It is hard being a small business. I know it from experience. There is something to be said about financial muscle, economies of scale and scope, access to the best and the brightest, etc. – things that big businesses enjoy by virtue of being big.

Yet, there is one area where I believe that smaller businesses can have considerable advantage – only if they were to recognize and seize the opportunity.

That area is analytics.

Before we talk about what advantages small business can have, let us reflect for a moment on the purpose of analytics. All analytics exists to drive better decision making. When we talk about decisions made using analytics, we are mostly talking about tactical or operational decisions, although sometimes the decisions involved could be quite strategic in nature.

Optimization of scarce resources is applicable to businesses of all sizes, but in the case of small businesses, even the survival can sometimes depend on how they utilize their resources. It is in this context that analytics is even more relevant to small businesses, than it is to big businesses.

According to a seminal paper by Richard Hackathorn, the value of data [and consequently the decision made using that data] decreases with time as shown in the graphic:

Big businesses are generally excellent at making the right investments that reduce Data Latency and Analysis Latency, but they struggle with reducing Decision Latency. This is because unlike Data Latency and Analysis Latency, Decision Latency cannot be automated away. It depends on the culture that you build over a period of time, and big businesses don’t always have the right cultures that enable reduction of Decision Latency.

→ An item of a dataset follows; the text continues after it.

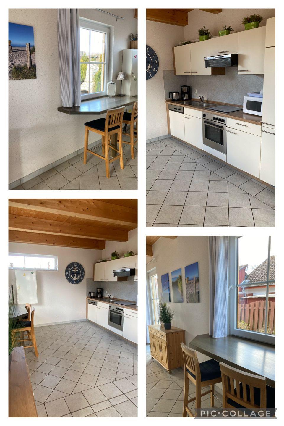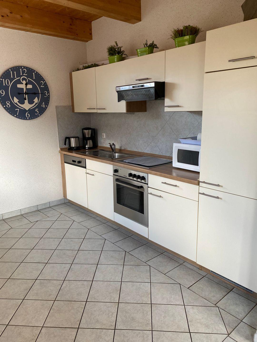 Offene Küche mit Einbauküche und Essbereich und moderner Ausstattung (Geschirrspülmaschine, Ceranherd, Backofen, Kaffeemaschine, Wasserkocher, Toaster, Gefrierfach)
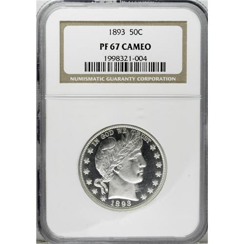<B>1893 50C PR67 Cameo NGC.</B></I> A powerful strike has left its imprint on the frosted design elements, further enhancing the fabulous eye appeal of this Superb Proof Cameo. Full brilliance is noted on both sides, as are impeccably cared for surfaces. A few insignificant handling marks on Liberty's cheek and neck do not detract in the least. Census: 12 in 67 Cameo, 2 finer (12/06).<BR><BR><b>Shipping:</b> Coins & Currency (<a target="_blank" href="http://www.heritageauctions.com/common/shipping.php">view shipping information</a>)

Small businesses are relatively new to the field of extracting value from data. There used to be a time when capturing data and analyzing it was the preserve of big businesses only, because the technology to do so was prohibitively expensive and it did not make sense for small businesses to invest in it. But today, it is no longer the case. Cloud based tools are as easy for small businesses to adopt, as they are for large businesses.

As technology takes care of the Data Latency and Analysis Latency for most part, there isn’t a significant difference between how these two affect small and large businesses.

But when it comes to Decision Latency, small businesses can really outperform their larger peers. Small businesses need not have the kind of bureaucratic, inertia-laden decision making that large businesses have and so they can have almost negligible Decision Latency.

And so, with every decision, small businesses can aim to realize a little extra value as compared to larger businesses. If done systematically over a sustained period of time, this can easily be turned into a significant competitive advantage.